Вот строки «Римских элегий», заключающие в этом отношении смысловую кульминацию всего произведения:

Мраморы только теперь я постиг: помогло мне сравненье;

Учится глаз осязать, учится видеть рука.

Пластика тела, которая видится, и ощущается, и переживается всеми чувствами, переживается и плотски и метафизически, — эта пластика символизирует закон целого мира, с которого стерты случайные черты. Пластично тело, пластично видение, пластичны образы — пластично должно быть слово поэта, перерастающее в живое наглядное созерцание. Само человечество должно воплощать в себе такую пластику:

…Древний мир не ветшал, когда жили эти счастливцы;

Счастлив будь — и тогда древность в тебе оживет.

(XIII, 21–22; ВА 1, 176)

Пластика — не вообще красота, а красота объемная, скульптурная: телесная, плотская, полнокровная, пронизываемая всеобъемлющей любовью, в которой не остыли желание, вожделение, жажда обладания. Такая красота не воспринимается только глазами, на дистанции, но она требует для своего созерцания всего тела и всех чувств: нужно уметь видеть рукой [764] . Эстетическим предшественником Гёте стал Гер дер, который в трактате «Пластика» (1778) показал, какую роль в восприятии скульптуры играет не только зрение, но и осязание. Историк античного искусства, очевидно, прав, ког да утверждает, что Гёте был единственным, кто в те годы был способен воспринять такие идеи Гердера [765] .

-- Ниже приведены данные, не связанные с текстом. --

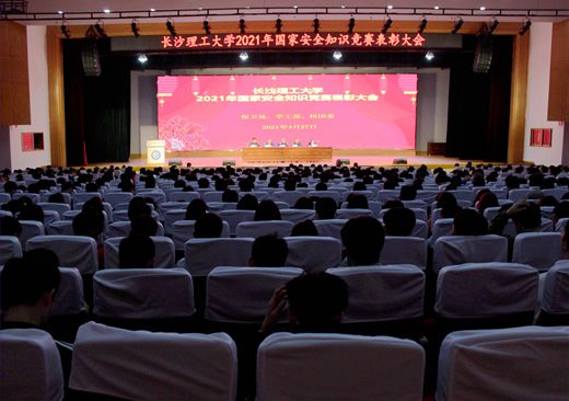4月27日,云顶国际vip8866在金盆岭校区五教大礼堂举行大学生国家安全知识竞赛表彰大会,保卫处处长张祎、学生工作部部长邱国良、副部长贺良、校团委副书记陈璐莎及2020级学生参加了此次会议,会议由保卫处副处长高顺利主持。
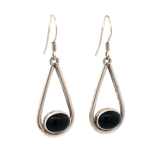 Native American RLH 925 Sterling Silver Oval Black Onyx Hook Dangle Earrings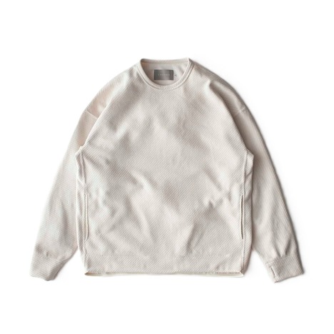 リサイクルポリエステルのモール糸で編み立てた、表と裏の見え方が異なるクウォーターゲージニットを用いたクルーネックプルオーバー。
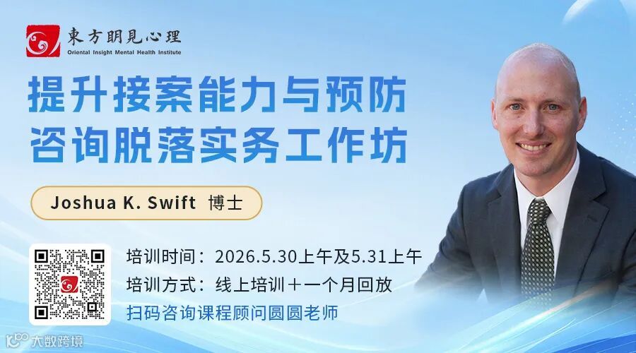 为此,东方明见心理特邀爱达荷州立大学Joshua K. Swift教授,于2026年5月30日上午、31日上午开展“提升接案能力与预防咨询脱落实务工作坊”。本工作坊将围绕心理咨询中的脱落问题展开,梳理脱落的风险因素与形成机制,并结合真实临床情境,介绍经实证研究支持的预防策略,协助咨询师在复杂与不确定的个案工作中,更有效地降低脱落发生的可能性。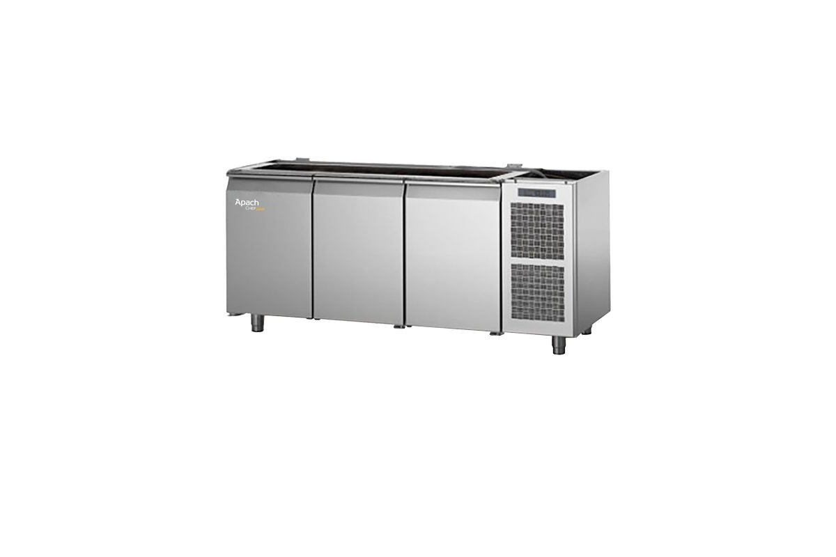 2005х780х810 мм, 155 кг, 0,25 кВт, 220 В, от -2 до +8С, энергетический класс В, нерж сталь AISI 304, толщина изоляции 60 мм, без столешницы, 3 глухие двери, R290, в комплекте: 12 пар направляющих EN600x400 мм, с агрегатом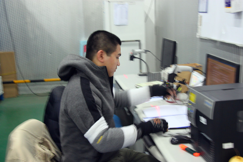 中秋節(jié)后首晚深夜,廣東十年強(qiáng)臺(tái)風(fēng)“天兔”登陸汕尾,廣州受其影響,夜間風(fēng)雨大作。雖然“天兔”奔粵,被風(fēng)雨籠罩夜幕下的黃金圍物流中心、獅山物流中心等倉(cāng)依然燈火通明,員工風(fēng)雨不改地堅(jiān)守各自崗位。若干年輕女員工“圍剿”堆積如山的單據(jù);穿著厚重棉襖和手襪的冷庫工作人員在低溫與常溫的環(huán)境下不停穿梭;分布倉(cāng)庫各層人員各施其職,甚至需要臨時(shí)調(diào)度支援;,凌晨時(shí)分,大伙干累干餓了,吃上一份窩心的夜宵后又埋頭苦干起來。這一幕幕的“雨夜風(fēng)景”,便是“天兔”咆哮下,黃金圍物流中心的真實(shí)寫照。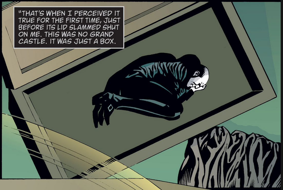 | “ | And then I noticed, as if for the first time, a place of refuge. It called to me, offering its thick stone ramparts, its towers and bastions. A mighty fortress, within which I could rest and recover my strength. Foolishly I entered, seeking only a quick respite before continuing again my predation among the Boxers. That's when I perceived it true for the first time, just before its lid slammed shut on me. This was no grand castle. It was just a box. A tiny and simple stone box. | „ |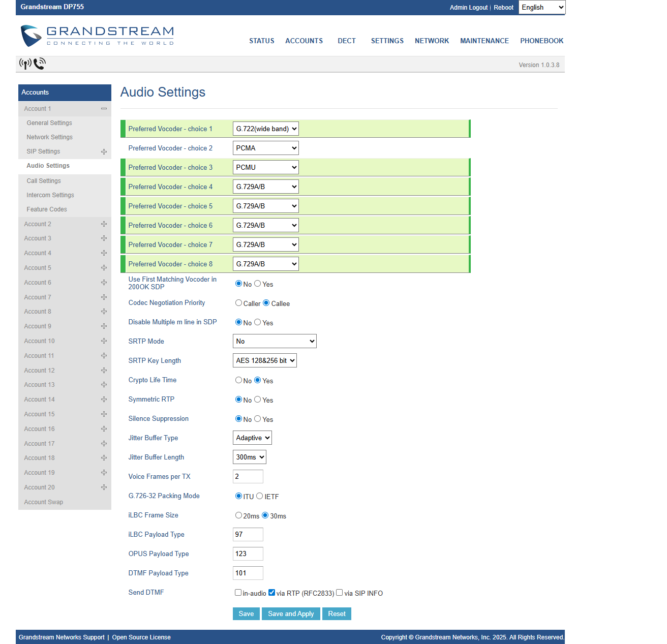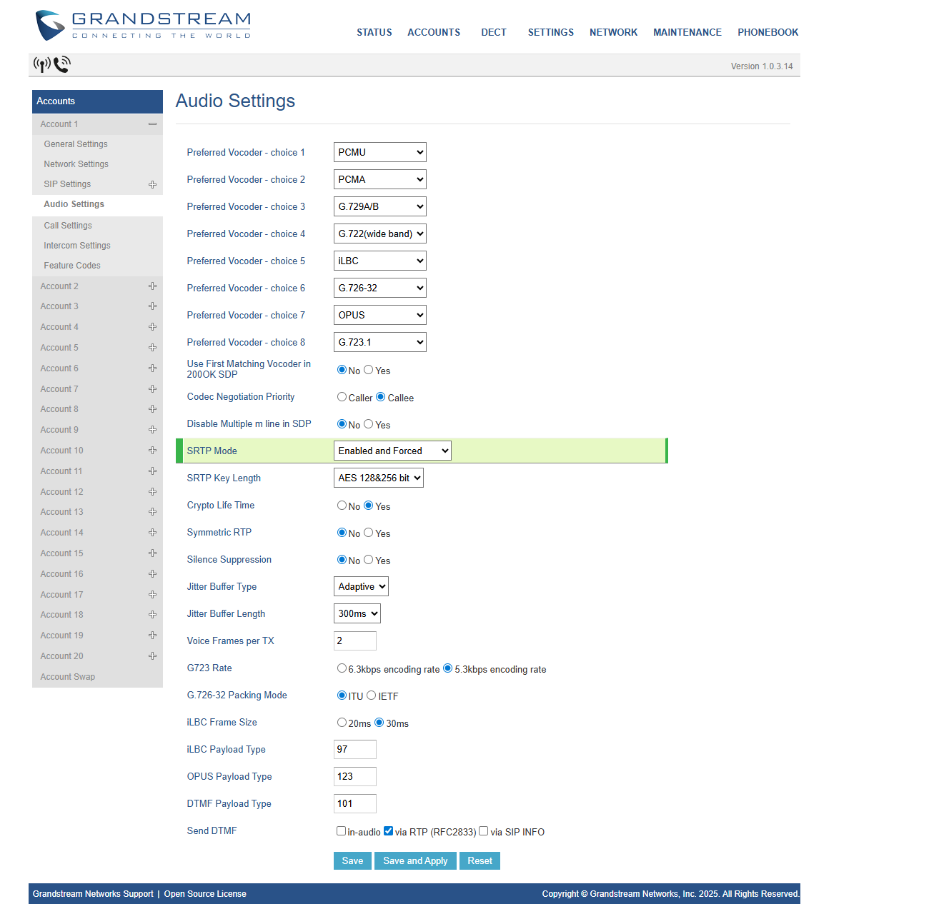 Στην καρτέλα Accounts > Account 1 > Audio Settings συμπληρώνετε:

Гёте был в состоянии вдохнуть вторую жизнь и в представления Винкельмана, и в идеи Гердера, — у них, в их восприятии, античная пластика уже начинает оживать на глазах, словно статуя у Пигмалиона, но еще лежит на ней след отвлеченности, абстрактных ученых, «антикварных» штудий. Август Ланген показал, как совсем молодой Гёте подхватывает на лету гердеровскую мысль о первенстве «чувства» (осязания, ощущения) перед всеми иными чувствами [766] . Гёте — это «человек глаза»; глаз для него — главный инструмент познания [767] . Очень долго, вплоть до самого путешествия в Рим, Гёте колебался, не в живописи ли его призвание (лишь 29-я «Венецианская эпиграмма» кладет конец таким колебаниям); между тем именно Гёте и отдает предпочтение всеохватности телесного чувства, в котором уже заключено по смыслу все — и ощущение, и познание, и видение. Но только как «человек глаза» Гёте никогда не стал бы, подобно позднему Гердеру, говорить о «тупом глазе» [768] . Если справедливо, что на «языке души» классической греческой скульптуры «лицу и глазу не принадлежала выдающаяся роль», но что «все тело, служа неоспоримой мерой воли, силы, внутреннего развития, доблести, становилось полнозвучным инструментом выражения души» [769] , то можно оценить, в какой степени впервые такой существенный пластический взгляд кладется у Гёте в основу самого общего миросозерцания и мировоззрения. Классическим статуям греков «нужно, чтобы их не читали только глазами, но чтобы их воссоздавали всем телом» [770] . По Гёте, «мрамор» можно осязать, видеть, слышать.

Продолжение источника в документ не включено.